Organic vs synthetic feeds for fittonia 'frankie'

Organic options

A diluted seaweed or worm-casting feed, or fish emulsion if you can tolerate the smell indoors. UK: Westland or Baby Bio Organic, dilute seaweed; US: Espoma Indoor! or Neptune's Harvest fish & seaweed. Slow, gentle and hard to overdo.

Synthetic / liquid feeds

A general-purpose houseplant liquid at half strength — UK: Baby Bio, Westland Houseplant Feed or Phostrogen; US: Miracle-Gro Indoor Plant Food or Schultz. Convenient and fast-acting; the only risk is overdoing it.

Brand names are examples, not endorsements, and UK and US ranges differ — check the label’s own NPK and dilution rate, since formulations change.

Fertilising fittonia 'frankie' — frequently asked questions

What fertiliser does fittonia 'frankie' need?

A balanced general houseplant feed (roughly even N-P-K) is exactly right — it is grown for foliage, so steady, moderate nitrogen for healthy leaves is the goal, not a bloom or root formula. Fittonia 'Frankie' is an easy, light foliage feeder — a half-strength balanced liquid feed through the growing months keeps it green without forcing weak, sappy growth.
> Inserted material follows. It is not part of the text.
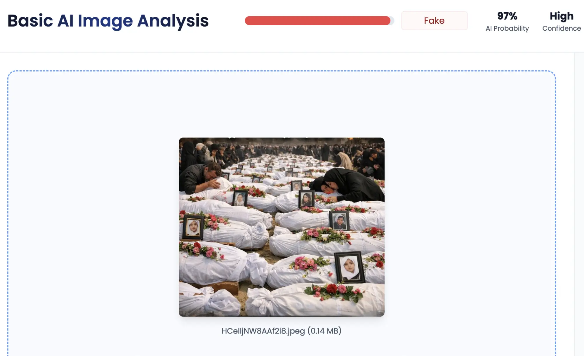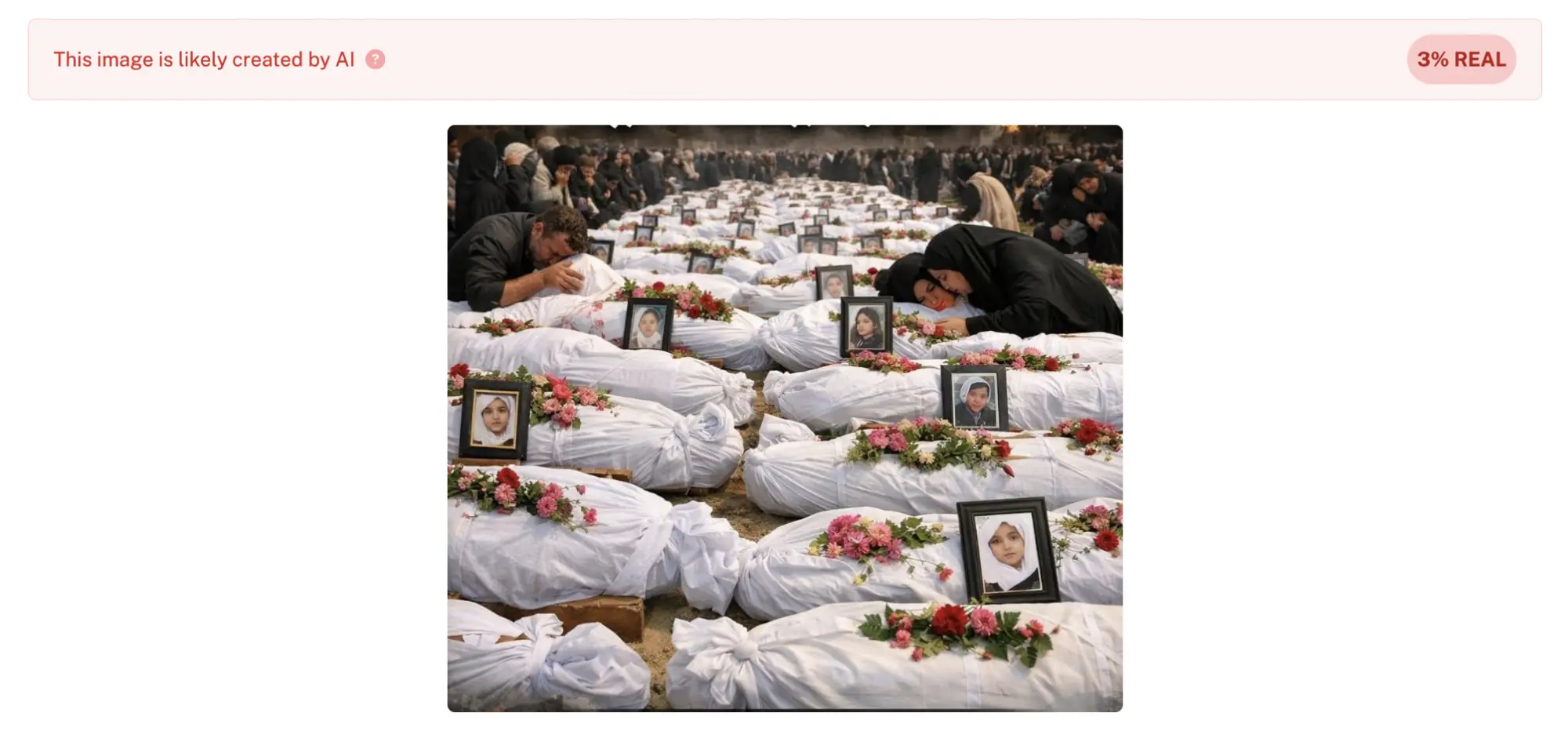 A closer analysis of the image revealed visual inconsistencies; firstly, the photoframes placed next to two bodies are exactly the same. Secondly, the hand of the grieving man — on the top left of the photo — and areas where skin meets fabric show slight blending distortions, a known weakness in AI image generation.

How often should I feed fittonia 'frankie'?

Feed every 4 weeks during spring and summer with a balanced liquid houseplant fertiliser diluted to half strength. Reduce to occasional feeds in winter. Fittonia is sensitive to fertiliser salts, so weak, regular feeding is far safer than strong doses, which scorch the fine roots and leaf edges. Feed every 4 weeks during spring and summer with a balanced liquid houseplant fertiliser diluted to half strength. Reduce to occasional feeds in winter. Fittonia is sensitive to fertiliser salts, so weak, regular feeding is far safer than strong doses, which scorch the fine roots and leaf edges. Treat that as every 4 weeks between spring through early autumn (roughly March to September); ease off in autumn and stop entirely in the low light of winter.

What strength of feed for fittonia 'frankie'?

Half strength is the safe default for fittonia 'frankie' — houseplant feeds are formulated strong, and the diluted dose is gentler on the roots while still ample for foliage.

What does over-feeding fittonia 'frankie' look like?

Brown, crispy leaf tips and edges with no sign of underwatering. A white, crusty salt deposit on the soil surface or pot rim. Weak, pale, stretched new growth that flops. Lower leaves yellow and drop while the soil is correctly watered. Feeding fittonia 'frankie' year-round on a fixed schedule, including dark winter months, is the most common mistake — it cannot use the nutrients in low light and the surplus simply burns the roots and crusts the soil.

Should I flush the soil of fittonia 'frankie'?

Flush the pot of fittonia 'frankie' with plain water until it runs freely from the base every couple of months in the feeding season — it washes out the fertiliser salts that cause brown tips.